Strasbourg, 04/05/2004 (Agence Europe) - As predicted, the censure motion presented by 63 MEPs against the Prodi Commission, on the matter of the way the Eurostat affair was managed, was rejected, on 4 May in Strasbourg, by 88 votes in favour and 515 against, with 63 abstentions.
In the "whereas" of the motion, signatories above all note that the European Commission has not designated anyone responsible for the Eurostat affair and that it is not satisfactory that the extremely serious criticism about the behaviour of the Commission and of Commissioner Solbes in the Eurostat affair, as set out by the Parliament in its resolution of 29 January 2004, had only received in response press declarations by Commissioner Solbes stating that he had always acted in an appropriate manner. The signatories say that, given the lack of confidence that it has suffered, the Commission must assume collective responsibility for its failure to act further to a number of requests considered crucial by the Parliament in a series of resolutions.
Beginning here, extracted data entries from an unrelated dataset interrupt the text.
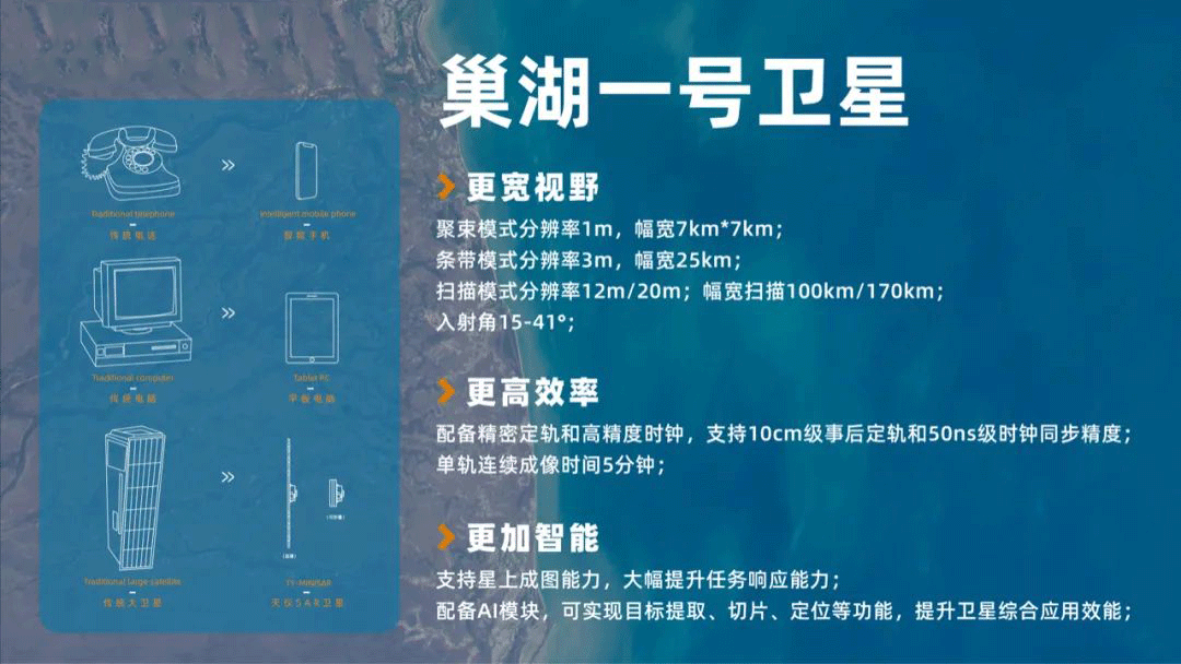 巢湖一号卫星是“天仙星座”首发星,随着巢湖一号卫星的成功发射将推动,“天仙星座”建设以及SAR数据行业应用,进一步优化了卫星平台和雷达载荷设计,使得卫星在成像幅宽、分辨率、最大成像时长、数据传输、轨控等核心能力上均有了显著的提升,并增加了区域多点目标的连续成像能力、精密定轨能力及在轨AI处理功能。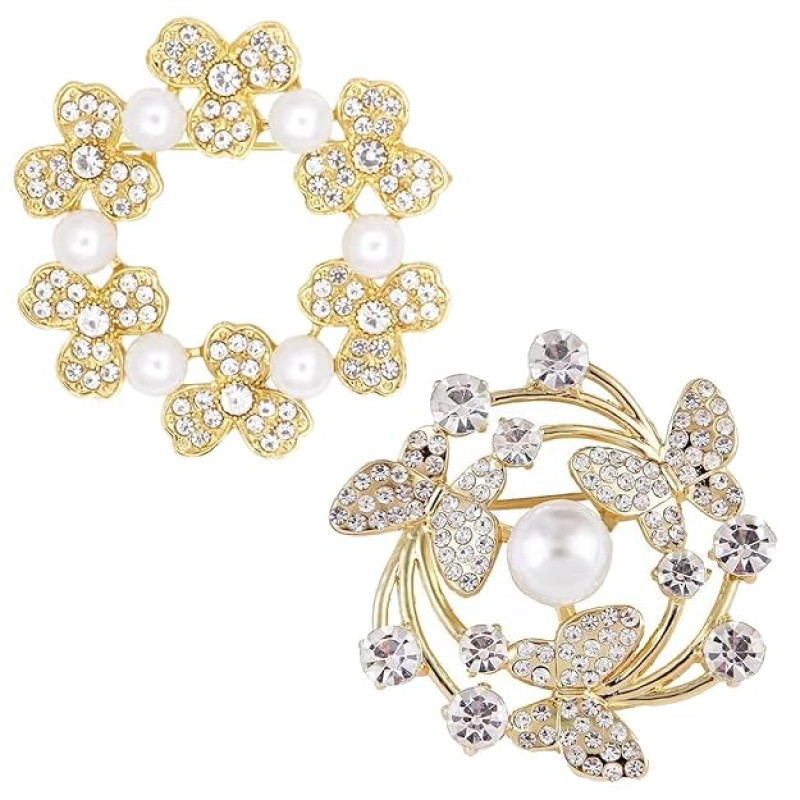 2Pcs Brooch Pin for Women, Elegant Butterfly and Floral Design, Versatile Accessory for Wedding, Business, and Daily Fashion, Gift for Women
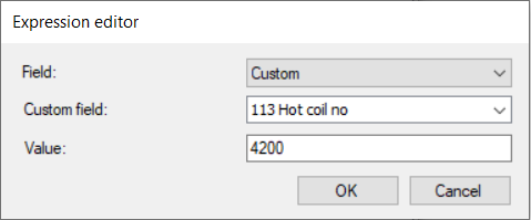 Click the button in order to add an expression or the button to edit an existing expression. In the Edit expression dialog, first select a field (e.g. event, comment, trigger, etc.) and then the value (e.g. event name, plaint text incoming/outgoing, etc.)
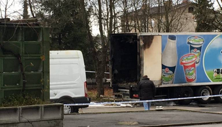 FOTO in VIDEO: Zagorela dva kombija in prikolica, na kraju bombni tehniki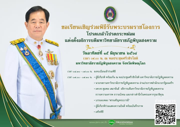 เมื่อวันอาทิตย์ที่ 15 มิถุนายน 2568 เวลา 09.00 น. ณ หอประชุมศรีวชิรโชติ มหาวิทยาลัยราชภัฏพิบูลสงคราม จังหวัดพิษณุโลก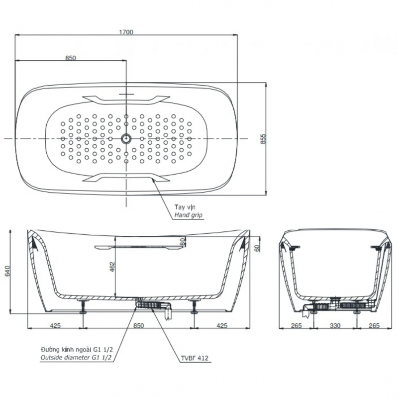 Bồn TắmBồn Tắm TOTOBồn Tắm Đặt SànBồn tắm GALALATO TotoBồn Tắm 1.7 Mét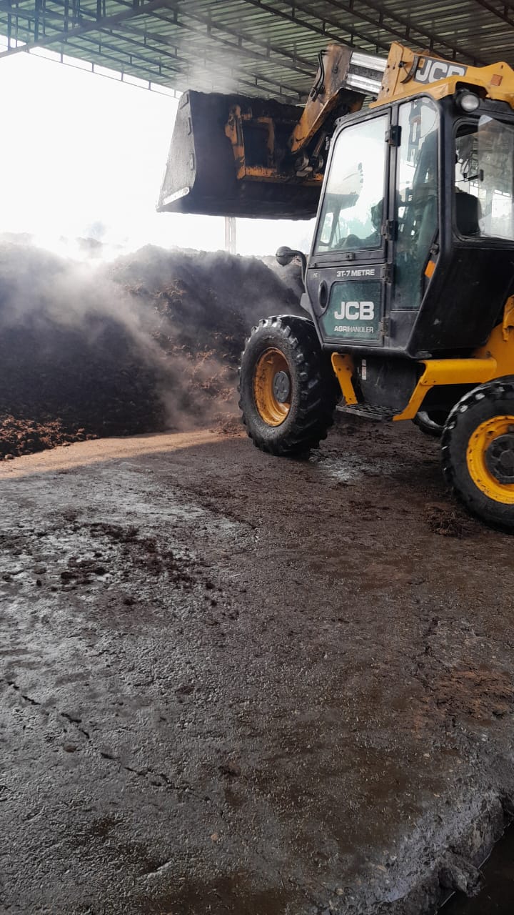 Mushroom compost is a mixture of organic materials, such as straw, manure, and other natural substances, that’s used to grow mushrooms. After the mushrooms are harvested, the compost is sterilized and sold for use in Agri-farms and gardens.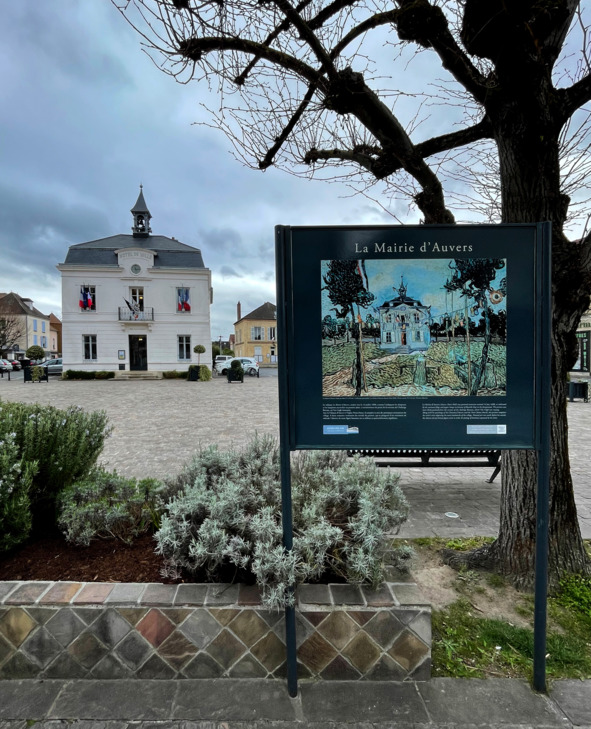 Ван Гогу нравился Овер. Помните: соломенные крыши, лиловый цвет? Мы крутили головами, но соломенных крыш не видели. Лилового было немного, больше серо-синего от хмурого неба. У мэрии остановились. Полотно со зданием мэрии мы знали. Для тех, кто не знает, на тротуаре стояла панель с копией картины. За 130 лет здание не изменилось. Я стоял и чувствовал, как бьется сердце. Ведь если я повернусь, то увижу гостиницу Раву, где прошли последние дни Ван Гога.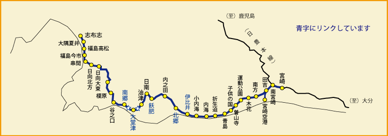 南宮崎駅~志布志駅を結ぶ全長89kmの28駅で昭和38年5月8日に全線開通した。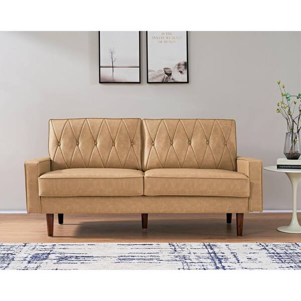 Acire 69.3 in. Wide Square Arm Faux Leather Straight 3-Seater Sofa in Beige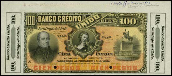 Santiago, Chile. ND (ca. 1880-1890's). 100 Pesos. P-S211 Unlisted. Specimen. Red specimen overprint, POC and "00000" serial numbers. Counterfoils on left and right side of note. Large uncut sheet margins on bottom and bothsides. Choice Unc. Extremely rare and attractive note.

They reproach the European Commission with having failed to fulfil its own commitments with a view to "zero tolerance" and the "best administration in the world".
Those signing the motion, headed by Jens-Peter Bonde, President of the Group of a Europe of Democracies and Diversities, are mainly members of the Union for a Europe of Nations and European United Left/Nordic Greens Left groups, but also some members of the Greens/European Radical Alliance group and the EPP-ED Group (mainly British Conservatives), Italian Radicals and non-attached.
All members of the EDD group voted for the censure except Véronique Mathieu, as did 17 members of GUE/NGL (especially Greek, French, Dutch, Finnish and Swedish members), 11 members of UEN (including 6 from the new Member States: the Poles Bielan, Kaminski, Libicki and Szczyglo, the Estonian Reiljan and the Slovakian Ziak), 11 members of EPP-ED (the British Callanan, Goodwill, Hannan, Heaton-Harris, Helmer, Nicholson, Villiers, the Irish Scallon, the Germans Schleicher and Stauner, and the Swede Sacredeus), the Belgian Socialist Jean-Maurice Dehousse, 7 members of the Greens/EFA group, and independents.